Some DNS providers that are unfamiliar with CAA initially reply to problem reports with “We do not support CAA records.” Your DNS provider does not need to specifically support CAA records; it only needs to reply with a NOERROR response for unknown query types (including CAA). Returning other opcodes, including NOTIMP, for unrecognized qtypes is a violation of RFC 1035, and needs to be fixed.

1 Like

I think Let's Encrypt have made a fairly explicit statement already on https://letsencrypt.org/docs/caa:

Your DNS provider does not need to specifically support CAA records; it only needs to reply with a NOERROR response for unknown query types (including CAA).
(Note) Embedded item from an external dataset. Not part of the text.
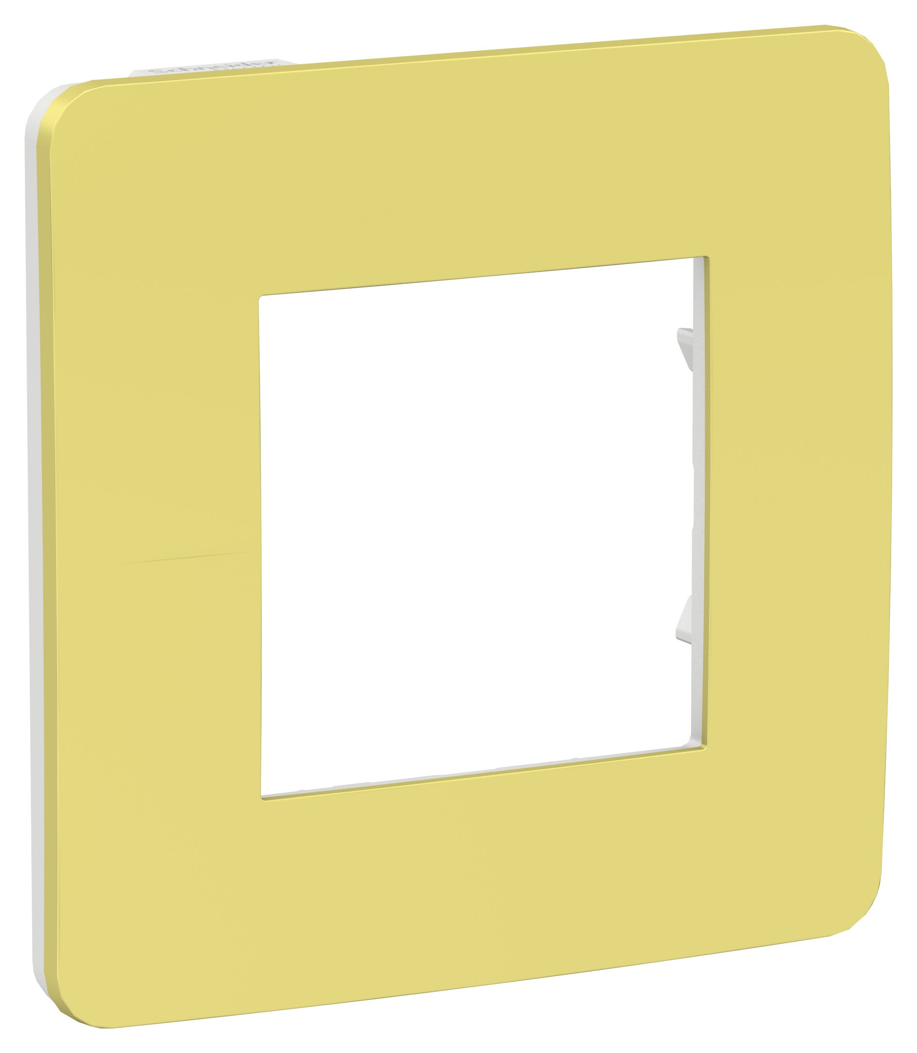 Рамка Schneider Electric UNICA STUDIO Color (зелёное яблоко) одинарная с задней панелью цвета белый.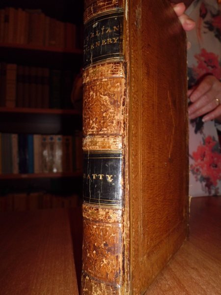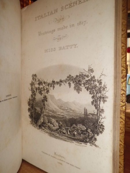 BATTY, Elisabeth. Italian Scenery from drawing made in 1817. London, Rodwell & Martin, 1820. In - 8° grande piena pelle con impressioni a secco, taglio dorato (cop. anteriore staccata) (10), 197, (1) pp. Frontespizio con vignetta incisa al centro e veduta del Vesuvio come vignetta finale, con 60 belle vedute incise in acciaio fuori testo. A parte il difetto alla legatura l' esemplare è ottimamente conservato. Brunet, I, 701 - 2: Les vignettes de ce livre sont, en général d' un effet agréable. Cremonini, L' Italia nelle vedute, 93.

Returning other opcodes, including NOTIMP, for unrecognized qtypes is a violation of RFC 1035, and needs to be fixed.

ISTM that it's well established that NOTIMP is to be used when the server does not support the requested kind of query - meaning the header opcode (RFC 1035 - Domain names - implementation and specification, QUERY/IQUERY/STATUS).

The "Not Implemented" rcode states:

Not Implemented - The name server does not support the requested kind of query.

That text perhaps seems a bit ambiguous (does it mean opcode or qtype?), but the query opcode is defined in the following terms:

A four bit field that specifies kind of query in this message

which to me, seems like it fully removes any ambiguity.

Reading some of the comments on the dns-operations discussions about ietf-dnsop-no-response-issue and also ietf-dnsop-any-notimp seems to support that interpretation.

Specifically that resolvers are expected to respond with NOERROR or NXDOMAIN for unknown qtypes (as opposed to unknown opcodes).

Hi @_az

check IANA, then it’s simple.

https://www.iana.org/assignments/dns-parameters/dns-parameters.xhtml#dns-parameters-5

OpCode Name Reference
0 Query [RFC1035]
1 IQuery (Inverse Query, OBSOLETE) [RFC3425]
2 Status [RFC1035]
3 Unassigned
4 Notify [RFC1996]
5 Update [RFC2136]
6 DNS Stateful Operations (DSO) [RFC8490]
7-15 Unassigned

The standard OpCode is always 0 = Query (CAA query).

https://www.iana.org/assignments/dns-parameters/dns-parameters.xhtml#dns-parameters-6

RCODE Name Description Reference
0 NoError No Error [RFC1035]
1 FormErr Format Error [RFC1035]
2 ServFail Server Failure [RFC1035]
3 NXDomain Non-Existent Domain [RFC1035]
4 NotImp Not Implemented [RFC1035]
5 Refused Query Refused [RFC1035]

NotImplemented -> if one of the OpCodes 0 - 15 isn’t implemented.

But that’ not one of the Resource Record (RR) TYPEs - > queries, unknown query (1 - 65535).

1 Like

It sounds like @grinapo disagrees with Let’s Encrypt’s reading of RFC 1035. However, as @_az says, Let’s Encrypt has been very explicit and deliberate on this point and this policy is unlikely to change.

There might be ways to change it involving getting IETF and/or the CA/B Forum to clarify the interpretation and donating the necessary technical work for ISRG, but these are all probably less work than the alternatives…

1 Like

This topic was automatically closed 30 days after the last reply. New replies are no longer allowed.